Role for ATP-sensitive K+ channel in the development of A-V block during hypoxia.

The role of the ATP-sensitive K+ channel (IK,ATP) in the development of A-V block during hypoxic interventions was studied using Langendorff perfused rabbit hearts, multicellular rabbit A-V nodal preparations and single guinea-pig ventricular myocytes. With the Langendorff perfused hearts, hypoxic perfusion (PO2 not equal to 40 mmHg) for 30 min caused slowing of the sinus rate and prolongation of the A-H interval without the appearance of blocked beats. Substrate-free hypoxic perfusion induced second or third degree A-V block in 8/10 hearts and substrate-free hypoxic perfusion plus 2-deoxyglucose (5 mM) produced third degree A-V block in 6/6 preparations. Addition of 50 mM glucose in the perfusate restored A-V conduction during hypoxic intervention. Application of glibenclamide, a specific blocker of IK,ATP, prevented the development of second or third degree A-V block during substrate-free hypoxia (n = 6), whereas pinacidil, an opener of IK,ATP, caused development of third degree A-V block during hypoxia (n = 9). Application of theophylline (100 microM) or 8-phenyl-theophylline (10 microM) did not prevent the development of advanced degrees of A-V block during hypoxic interventions. In multicellular A-V nodal preparations, 10 microM glibenclamide prevented the shortening of action potential duration and block development without marked effects on the maximum upstroke velocity of action potentials during hypoxic intervention.

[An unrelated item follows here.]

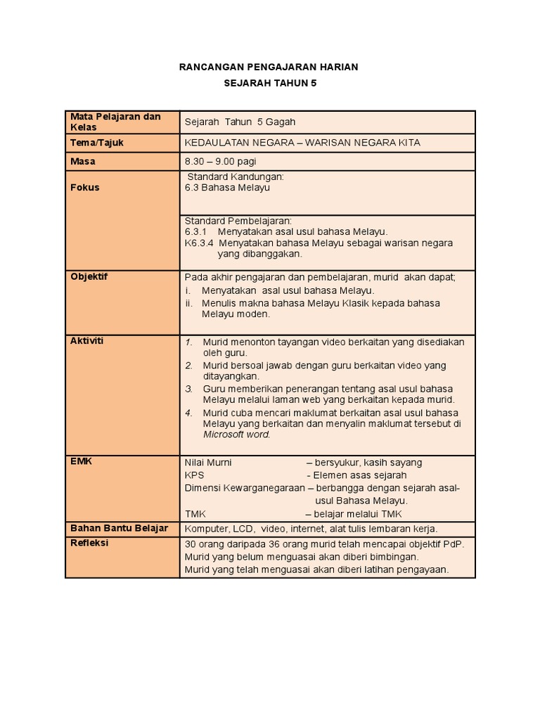 Rph Sejarah Tahun 5 Bahasa Melayu Warisan Kita

In isolated ventricular myocytes studied by the patchclamp method, the substrate-free hypoxia plus 2-deoxyglucose induced the openings of IK,ATP in 9/25 preparations with cell-attached patches, while 2/20 patches exhibited sporadic channel openings in the normoxic condition during comparable observation period. These results suggest that openings of the ATP-sensitive K+ channels play a role in the development and aggravation of advanced A-V block during hypoxic interventions.